Under the Rabindra Moonan chaired-board, the airline was hit with a ticket upgrade scandal which did not financially benefit the company.

Former Finance Minister Larry Howai subsequently fired the board amid mounting losses and installed Philip Marshall as chairman and then Permanent Secretary Vishnu Dhanpaul as deputy chairman.

Hit by COVID

After losses from its Air Jamaica acquisition and the cessation of the Gatwick route, CAL was on a turnaround under the Marshall chaired board. The airline was selling seats and meeting its financial obligations.

In 2019, under the chairmanship of Shameer Mohammed and with a new chief executive, Garvin Madera, the airline expanded its routes to include Cuba and Curacao, became more tech savvy and was able to post financial statements.

That same year, the company released its unaudited 2018 financial results which showed that the airline made a profit of $42 million.

The last time CAL, which is majority-owned by the Government, presented annual financial statements to the public was in 2015, for its 2014 performance, when it recorded a US$60 million loss.

The climb back to profitability was cut short by COVID-19 and the airline went cap in hand to the Government for a US$65 million Government-guaranteed loan to pay salaries.

However, CAL employees were irate that Madera received half a million dollars in a performance bonus. The bonus, paid in April 2020, was for his 2019 performance in which the airline turned a profit. The decision to pay the bonus was agreed to by the CAL board in February 2020 before a pandemic was declared.
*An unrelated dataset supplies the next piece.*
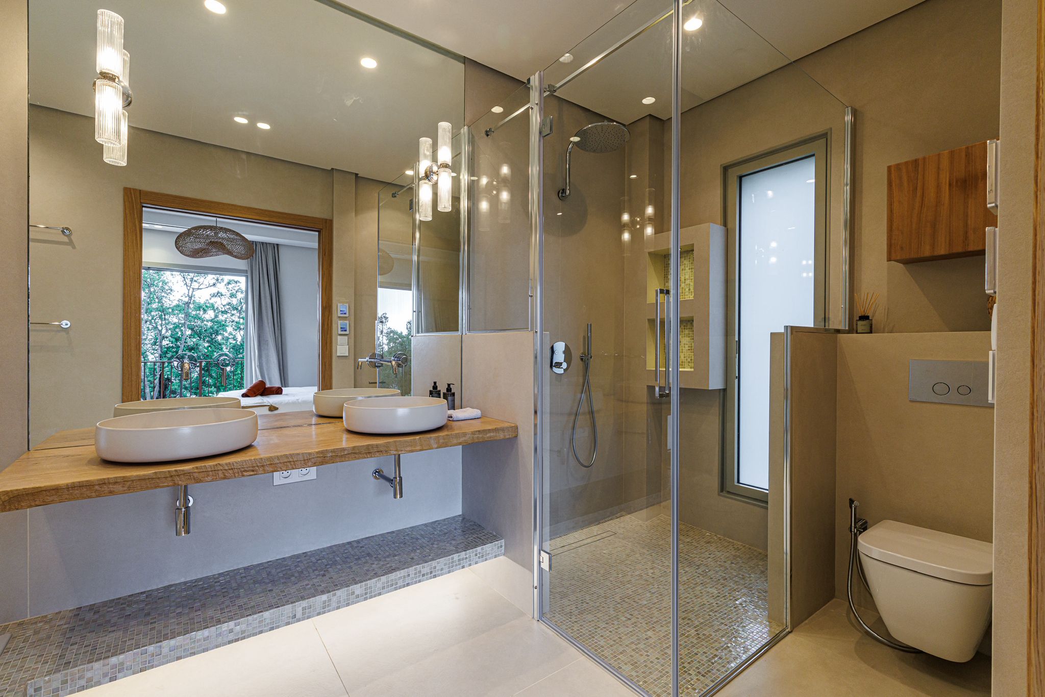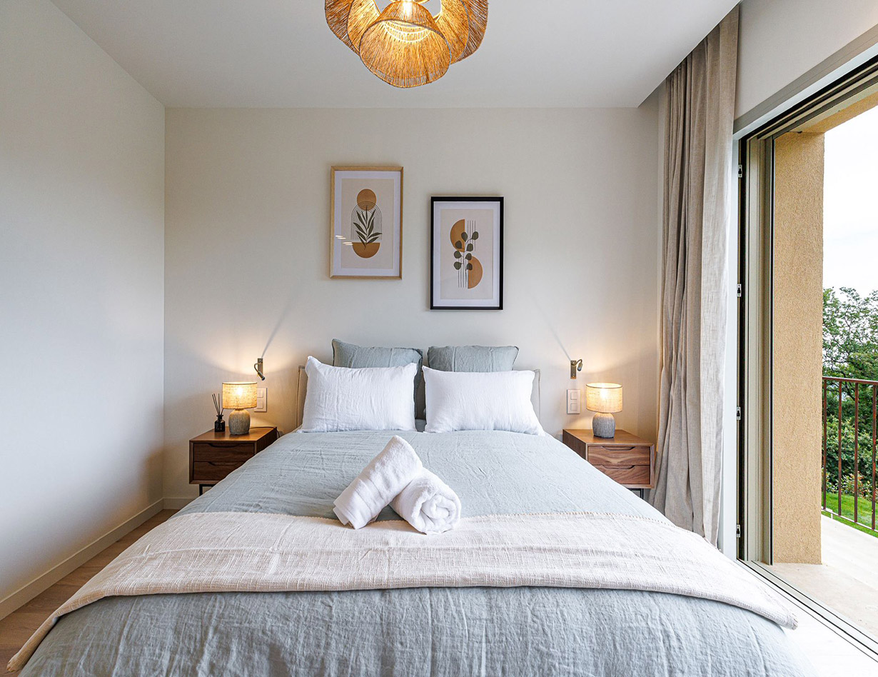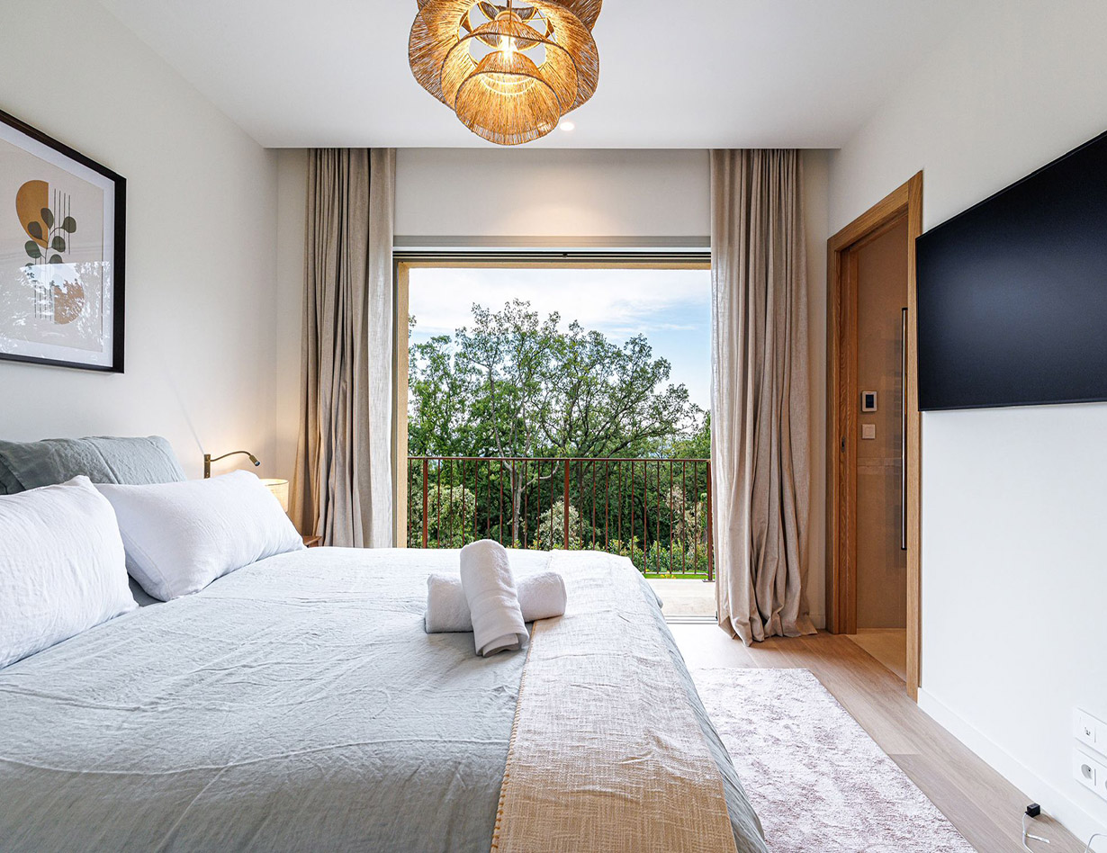 Jedes der vier Schlafzimmer verfügt über ein eigenes, elegantes Bad – ideal für Familien oder befreundete Paare, die gemeinsam, aber mit Privatsphäre reisen möchten. Der lichtdurchflutete Wohnbereich öffnet sich zur sonnigen Terrasse und bietet einen wunderbaren Blick auf den mediterranen Garten.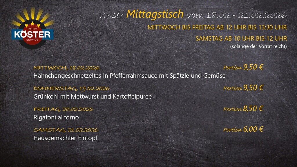 Unser Mittagstisch vom 18.02.- 21.02.2026

During COVID-19, CAL sent some employees on no pay leave, effected salary cuts and there were temporary lay-offs to keep the airline operational with an immediate impact to the company’s 250 pilots and about 375 flight attendants.

In 2021, after the airline suffered financial losses because of T&T’s closed borders during the pandemic. It again had to retrench workers.

CAL cut 79 pilots as part of a 280-job cut to streamline its operations.

The company subsequently issued a release explaining that it was less than the projected 450 jobs it had intended cut when the restructuring exercise began.

Finance Minister Colm Imbert had pegged the severance costs at $110 million to be paid by the T&T taxpayers, as there will be no input from CAL’s minority party, Jamaica.

CAL’s costly journey

CAL owes over a billion in liabilities, according to its 2020 management accounts dated December 2020.

The accounts revealed that CAL’s total liabilities are US$250,374,991 million—current liabilities amount to $190,386,965 million, while non-current liabilities amount to US$262,389,483 million. Of that sum, $203,701,104 is in long-term financing.

CAL produces annual management accounts. Its last audited accounts were in 2015.

A financial report which went to Cabinet, which spanned 2008-August 2011, revealed that:

• CAL was given US$139.2 million to start up by the PNM Government in the period 2006-2007.

• In 2009, CAL’s profit was US$2.6 million.

• In 2010, the company posted a loss of US$17.6 million. Its total revenue was US$378 million, its operating expenditure was US$390 million, inclusive of a fuel bill of US$73.7 million.

• By August 2011, total revenue was US$332 million with profits for that time at US$16.5 million.

• Employee costs declined from US$64 million in 2010 to $45.6 million by August 2011. CAL had cut several hundred jobs after the acquisition of Air Jamaica in June 2011.

In 2019, CAL made a profit of US$6,741,635 million.

In 2020, with the COVID-19 pandemic, it made a loss of US$103,017,816 million.

Madera, at a press conference last week, said CAL would produce audited statements in early 2024. He said the airline had been in survival mode and was on a path to profitability for 2023, before last weekend’s sick out by pilots.

While losses are estimated at $15 million, CAL has suffered unquantified loss to its reputation.